● **REQUIREMENT**
Beginning with the line containing "Bursa Barosu Eğitim" and going on through the line containing "There is spacious", the lines below are to be returned exactly, pictures excluded and nothing added.

● **DATA SUPPLIED**

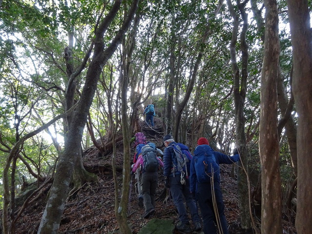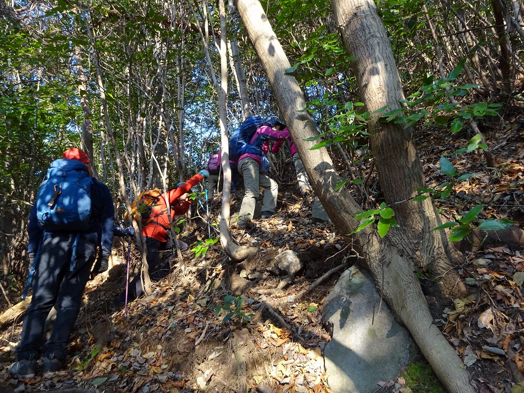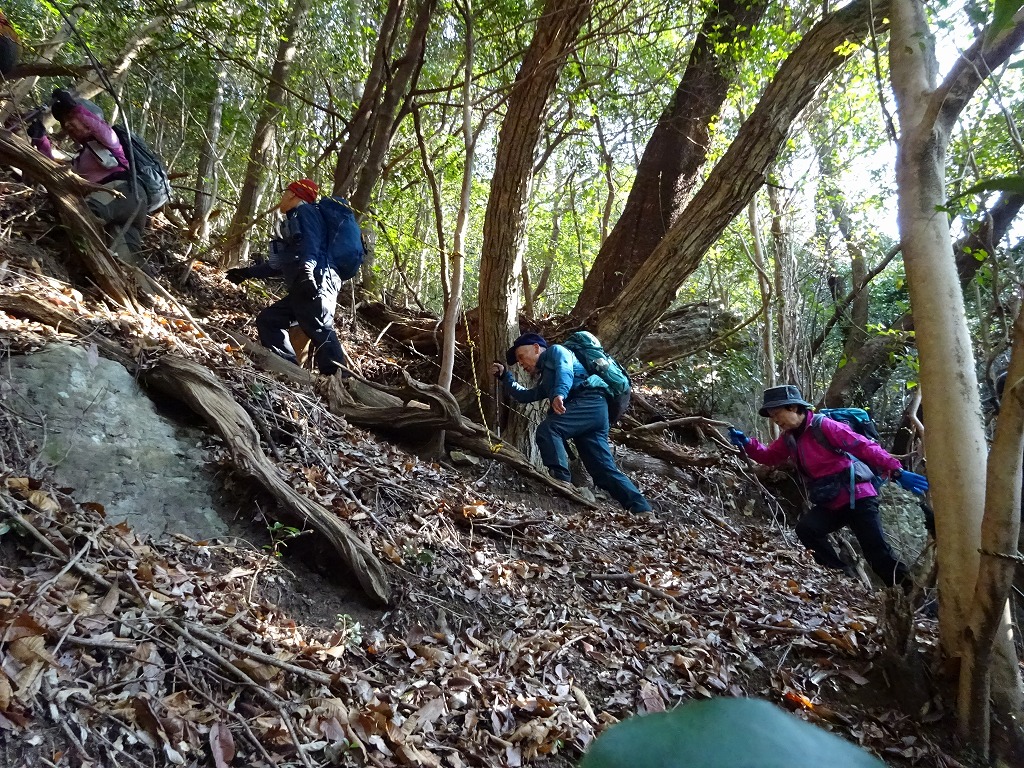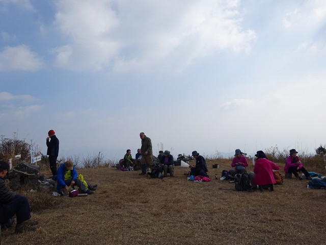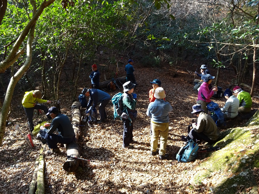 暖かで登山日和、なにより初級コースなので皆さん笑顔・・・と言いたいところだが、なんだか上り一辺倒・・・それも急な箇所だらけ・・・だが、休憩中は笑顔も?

---

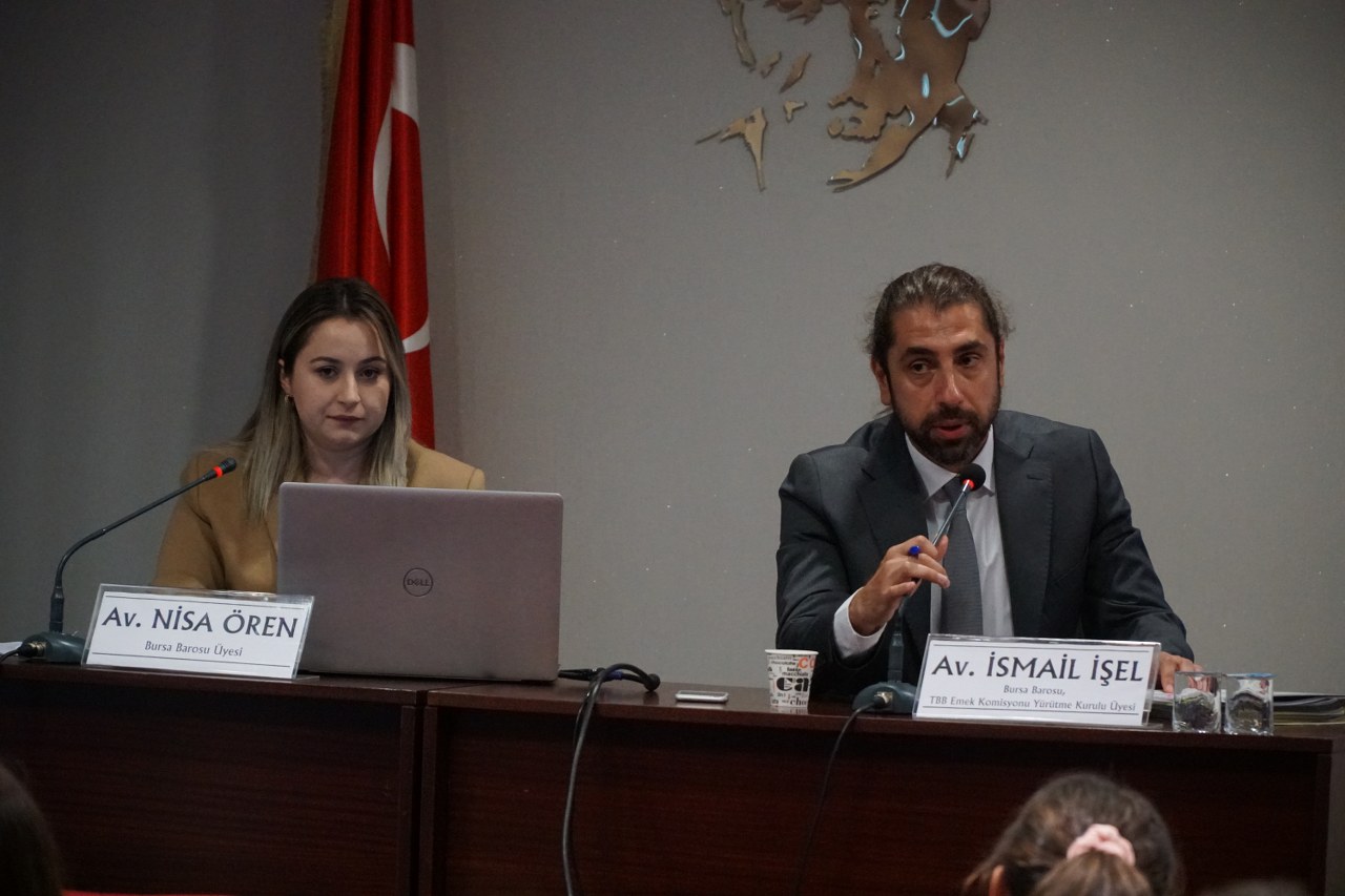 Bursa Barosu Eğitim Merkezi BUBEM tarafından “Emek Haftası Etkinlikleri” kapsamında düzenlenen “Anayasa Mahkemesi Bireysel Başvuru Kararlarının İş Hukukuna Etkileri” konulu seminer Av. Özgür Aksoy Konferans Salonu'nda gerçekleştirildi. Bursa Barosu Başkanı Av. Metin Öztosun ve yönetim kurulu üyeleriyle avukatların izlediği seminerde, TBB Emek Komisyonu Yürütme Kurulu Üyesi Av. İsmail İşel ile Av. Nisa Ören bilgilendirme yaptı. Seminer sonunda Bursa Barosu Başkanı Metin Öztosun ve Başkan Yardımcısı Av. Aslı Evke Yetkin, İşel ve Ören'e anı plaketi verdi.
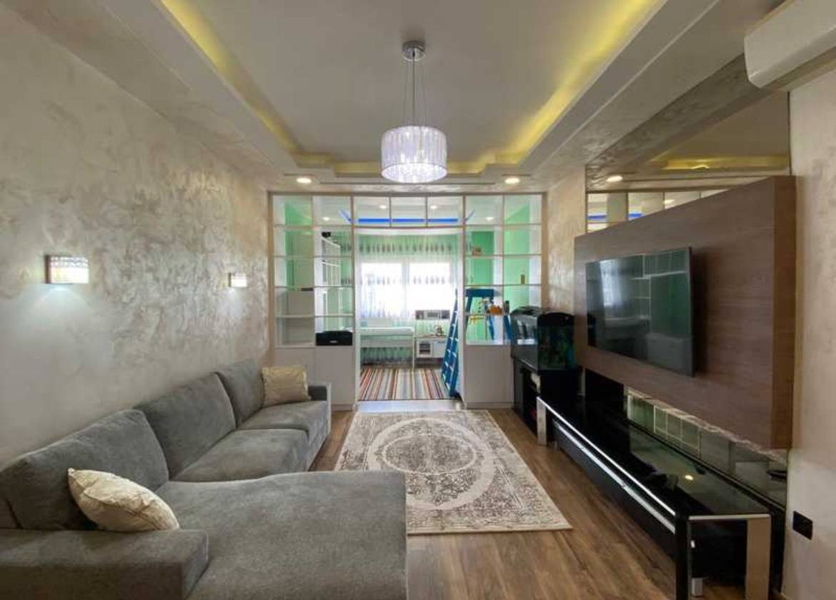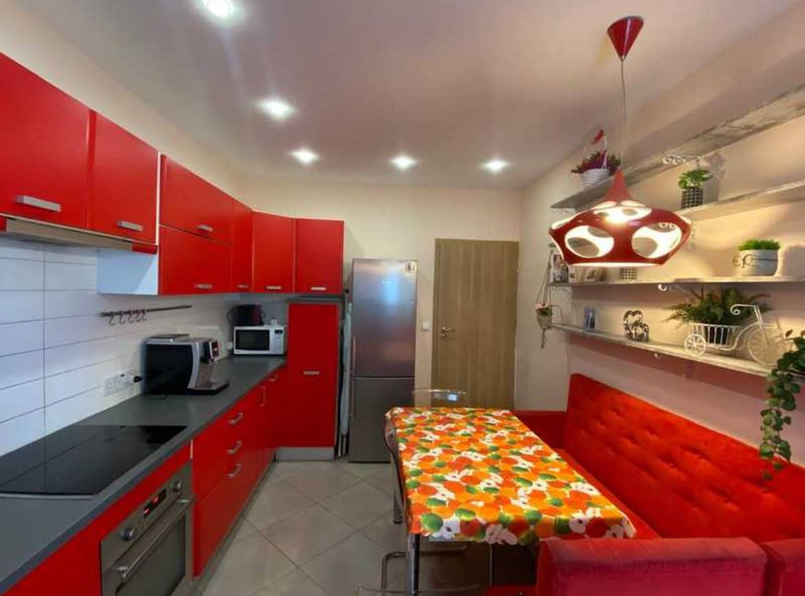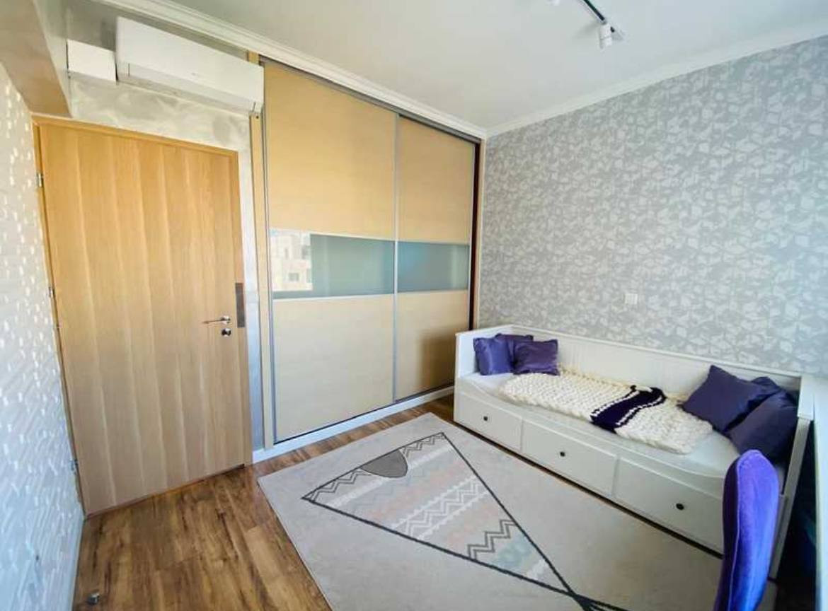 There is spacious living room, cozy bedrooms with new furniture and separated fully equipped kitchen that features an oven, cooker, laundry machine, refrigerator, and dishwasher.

● **FINISHED TASK**
 Bursa Barosu Eğitim Merkezi BUBEM tarafından “Emek Haftası Etkinlikleri” kapsamında düzenlenen “Anayasa Mahkemesi Bireysel Başvuru Kararlarının İş Hukukuna Etkileri” konulu seminer Av. Özgür Aksoy Konferans Salonu'nda gerçekleştirildi. Bursa Barosu Başkanı Av. Metin Öztosun ve yönetim kurulu üyeleriyle avukatların izlediği seminerde, TBB Emek Komisyonu Yürütme Kurulu Üyesi Av. İsmail İşel ile Av. Nisa Ören bilgilendirme yaptı. Seminer sonunda Bursa Barosu Başkanı Metin Öztosun ve Başkan Yardımcısı Av. Aslı Evke Yetkin, İşel ve Ören'e anı plaketi verdi.
 There is spacious living room, cozy bedrooms with new furniture and separated fully equipped kitchen that features an oven, cooker, laundry machine, refrigerator, and dishwasher.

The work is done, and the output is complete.